Segment Start: SOURCE MATERIAL

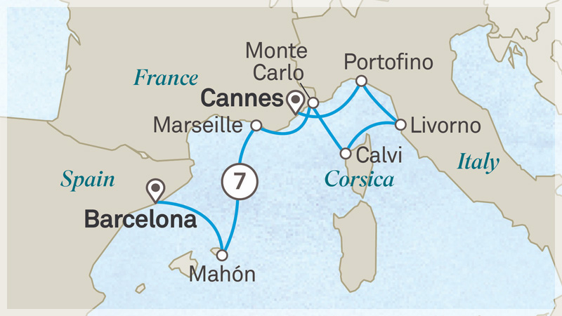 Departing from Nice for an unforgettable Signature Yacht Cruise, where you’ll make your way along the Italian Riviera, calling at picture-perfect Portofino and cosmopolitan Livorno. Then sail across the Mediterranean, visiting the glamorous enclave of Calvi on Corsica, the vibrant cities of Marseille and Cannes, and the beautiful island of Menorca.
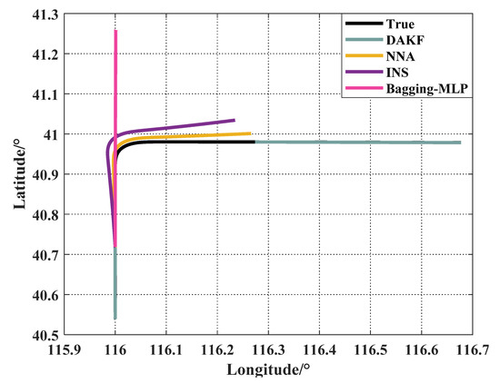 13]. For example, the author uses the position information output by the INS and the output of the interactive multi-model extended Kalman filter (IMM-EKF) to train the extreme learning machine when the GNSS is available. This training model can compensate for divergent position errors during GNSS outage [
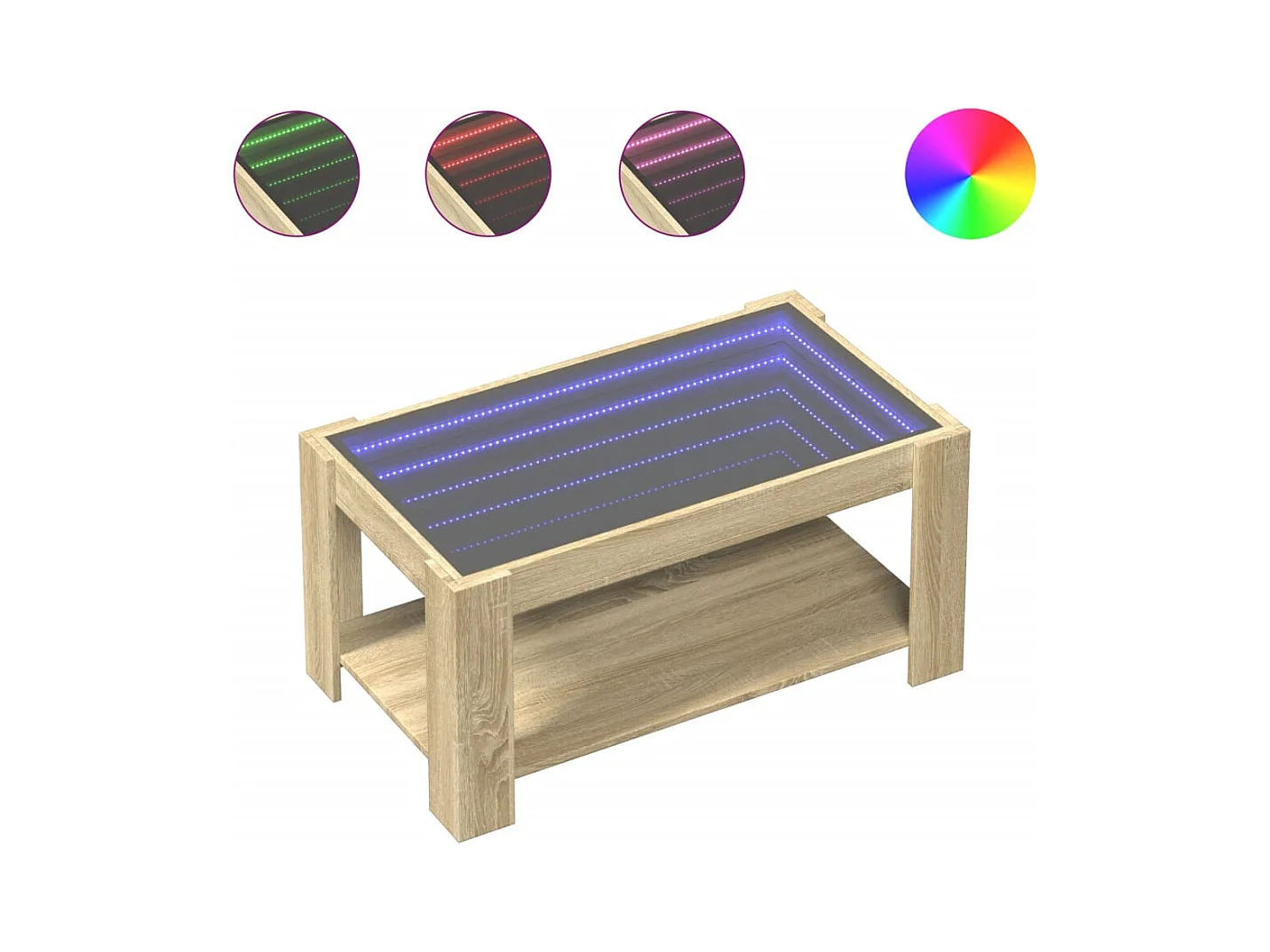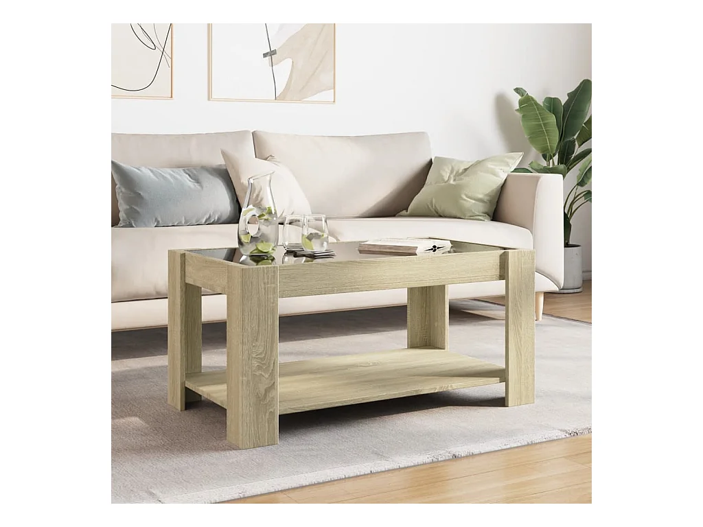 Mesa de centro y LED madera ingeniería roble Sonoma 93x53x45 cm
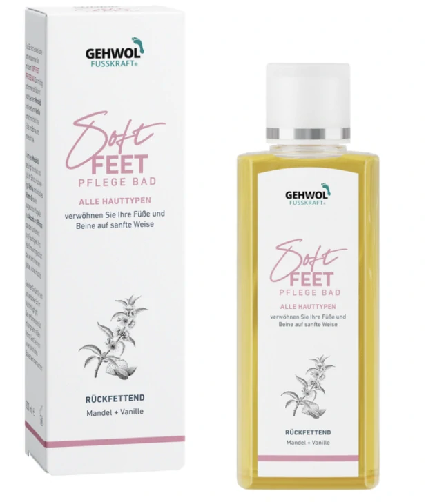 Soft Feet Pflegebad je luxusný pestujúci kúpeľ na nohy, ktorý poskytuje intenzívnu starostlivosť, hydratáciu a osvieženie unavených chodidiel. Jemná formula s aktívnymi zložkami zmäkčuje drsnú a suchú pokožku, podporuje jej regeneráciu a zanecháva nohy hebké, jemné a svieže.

Segment End: SOURCE MATERIAL
Segment Start: SOURCE MATERIAL

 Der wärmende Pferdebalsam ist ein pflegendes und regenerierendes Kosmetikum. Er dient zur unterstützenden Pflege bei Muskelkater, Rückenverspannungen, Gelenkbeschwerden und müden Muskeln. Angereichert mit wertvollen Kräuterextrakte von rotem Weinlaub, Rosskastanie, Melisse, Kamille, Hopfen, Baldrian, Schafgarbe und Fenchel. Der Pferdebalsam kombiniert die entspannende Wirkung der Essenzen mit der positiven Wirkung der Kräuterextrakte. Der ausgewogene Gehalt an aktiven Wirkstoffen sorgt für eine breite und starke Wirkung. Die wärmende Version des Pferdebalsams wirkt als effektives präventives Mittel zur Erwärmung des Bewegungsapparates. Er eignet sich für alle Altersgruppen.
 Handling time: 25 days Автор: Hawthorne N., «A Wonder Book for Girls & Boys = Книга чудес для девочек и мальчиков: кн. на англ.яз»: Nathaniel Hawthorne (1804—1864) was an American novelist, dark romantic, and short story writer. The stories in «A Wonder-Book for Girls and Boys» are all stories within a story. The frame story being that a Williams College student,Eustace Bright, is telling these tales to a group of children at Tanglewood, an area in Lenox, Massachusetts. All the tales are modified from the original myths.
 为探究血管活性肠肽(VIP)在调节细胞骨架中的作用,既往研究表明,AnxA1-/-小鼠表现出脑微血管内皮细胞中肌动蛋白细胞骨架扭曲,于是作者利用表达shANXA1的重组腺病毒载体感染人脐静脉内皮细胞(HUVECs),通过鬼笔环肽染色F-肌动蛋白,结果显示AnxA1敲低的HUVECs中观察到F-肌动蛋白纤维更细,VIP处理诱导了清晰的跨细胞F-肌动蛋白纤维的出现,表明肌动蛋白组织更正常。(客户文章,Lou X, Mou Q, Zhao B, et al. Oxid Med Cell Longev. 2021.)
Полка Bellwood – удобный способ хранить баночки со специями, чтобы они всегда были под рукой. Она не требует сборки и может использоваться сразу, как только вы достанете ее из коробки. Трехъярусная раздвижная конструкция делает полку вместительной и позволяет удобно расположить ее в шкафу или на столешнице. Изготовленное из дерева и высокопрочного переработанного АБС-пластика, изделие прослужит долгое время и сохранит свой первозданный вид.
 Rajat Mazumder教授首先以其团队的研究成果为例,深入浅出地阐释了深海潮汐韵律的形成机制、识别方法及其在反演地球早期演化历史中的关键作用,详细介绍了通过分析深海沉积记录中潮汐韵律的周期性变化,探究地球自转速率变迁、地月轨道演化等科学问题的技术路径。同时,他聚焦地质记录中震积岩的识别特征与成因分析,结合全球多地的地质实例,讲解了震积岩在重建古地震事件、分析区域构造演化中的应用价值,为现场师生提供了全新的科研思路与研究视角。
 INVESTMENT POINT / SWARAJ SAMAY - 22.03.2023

Segment End: SOURCE MATERIAL

In the data above, start at the line that has "Rajat Mazumder", stop after the line that has "INVESTMENT POINT / SWARAJ SAMAY - 22.03.2023", and print every line in between exactly as it stands.

ANSWER SPACE:
 Rajat Mazumder教授首先以其团队的研究成果为例,深入浅出地阐释了深海潮汐韵律的形成机制、识别方法及其在反演地球早期演化历史中的关键作用,详细介绍了通过分析深海沉积记录中潮汐韵律的周期性变化,探究地球自转速率变迁、地月轨道演化等科学问题的技术路径。同时,他聚焦地质记录中震积岩的识别特征与成因分析,结合全球多地的地质实例,讲解了震积岩在重建古地震事件、分析区域构造演化中的应用价值,为现场师生提供了全新的科研思路与研究视角。
 INVESTMENT POINT / SWARAJ SAMAY - 22.03.2023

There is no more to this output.